横田:僕はもともとDJをやってて。DJで曲を作るっていうのがあまりよく分かってなくて。HIP HOPから入ったんですけど、サンプリングで誰かが作った音を使って、さらにそれを加工して出してみたいな感じだったんですけど。音がどういうふうに変わるんかっていうのを学べたらいいなと思って専門学校行ってたんですけど、だからといって全く別の音にはならなくて。だったら別にサンプリングしなくてもいいなって思って。で、好きな音とかグっと来る音ってあるじゃないですか。音の質感とか。で、こういう音が作りたいって思うから曲を作るんですけど、小林さんはドナルド・フェイゲンとかを聴いてこういうふうな音が作りたいなあとかっていうのがあったんですか?

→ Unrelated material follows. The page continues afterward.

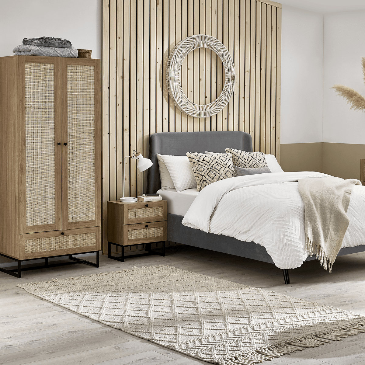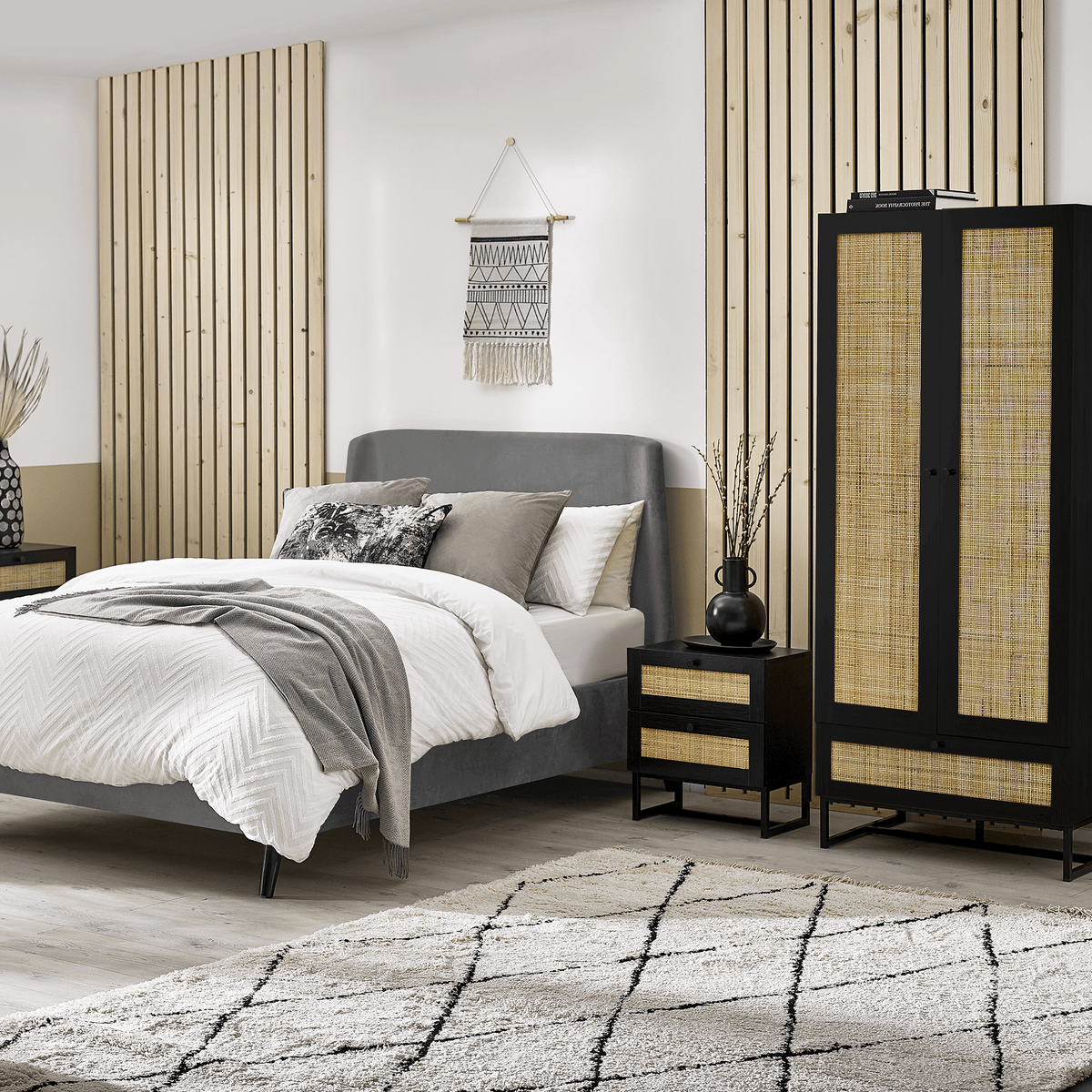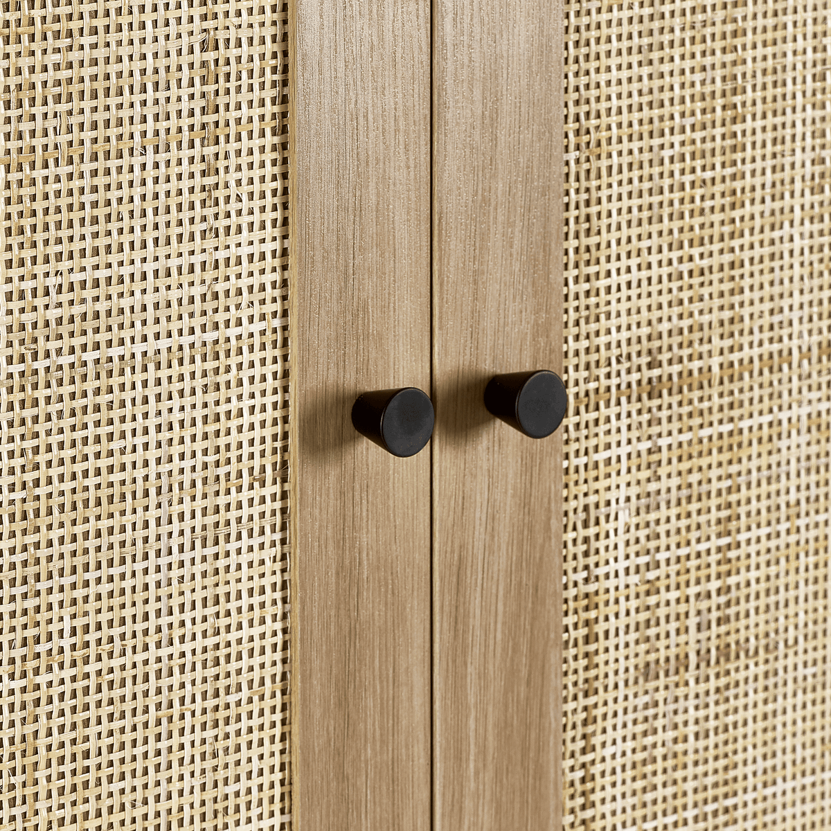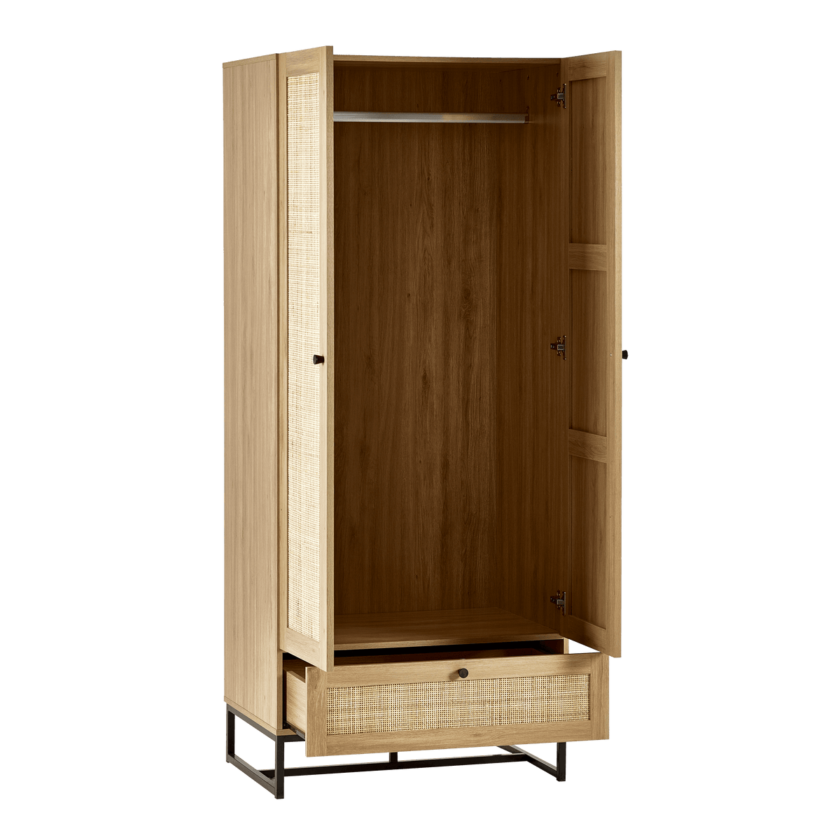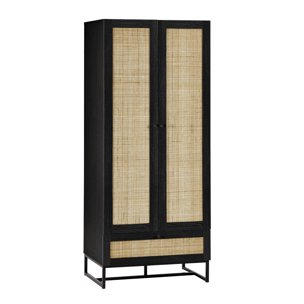 Introducing our stylish Soho wooden wardrobe featuring natural woven rattan doors and a spacious lower drawer. Perfect for adding a touch of elegance to any bedroom, this wardrobe offers ample storage with a hanging rod and a drawer for accessories. Available in natural wood finish and sleek black.

小林:こういう音とか音質とかじゃなくて、空気感。空気の音がしっかりとれたらいいなあとは思う。そのバランスとか音質とかそういうのって、エンジニアが作るもんじゃないと思ってて。全体のバランスとか音を作るのはやっぱり演奏してる人たちだと思ってて。あとはその空気感。演奏する前の、一瞬、フっていくところの緊張感みたいなのが録れてればいいなっていうか、録りたいな…っていう感じかな。武市:ペパーに出てるバンドの人たちに何か言いたい事があれば。
小林:まあこういう音響的な事を、分からないよりは分かってた方がいいと思うんだけど、それよりはやっぱりのびのびとやってくれたほうが。なんかこじんまりとやられるよりは、ハっちゃけてたほうが…。
武市:あー、それは安心しました。
小林:そのかわり壊さないでねっていう(笑)。
もやし:ハっちゃけたらマイク落す(笑)
小林:だから何をやるにしても意味を持ってやって欲しいかな。その場のノリとか雰囲気とかに流されるんじゃなくて、自分たちのバンドのカラーとか、やりたい事とかっていうのが、意味合いを持ってそういうパフォーマンスをやったほうがいいと思うなあ。
武市:ステージに上がりたくなったりはしないんですか?
小林:しない。もう恥ずかしくて。転換の時に行くのも恥ずかしいもん。
一同:笑
小林:お客さんがいる時とか、ジーっと見てるでしょ?もう客席の方に向けないもん。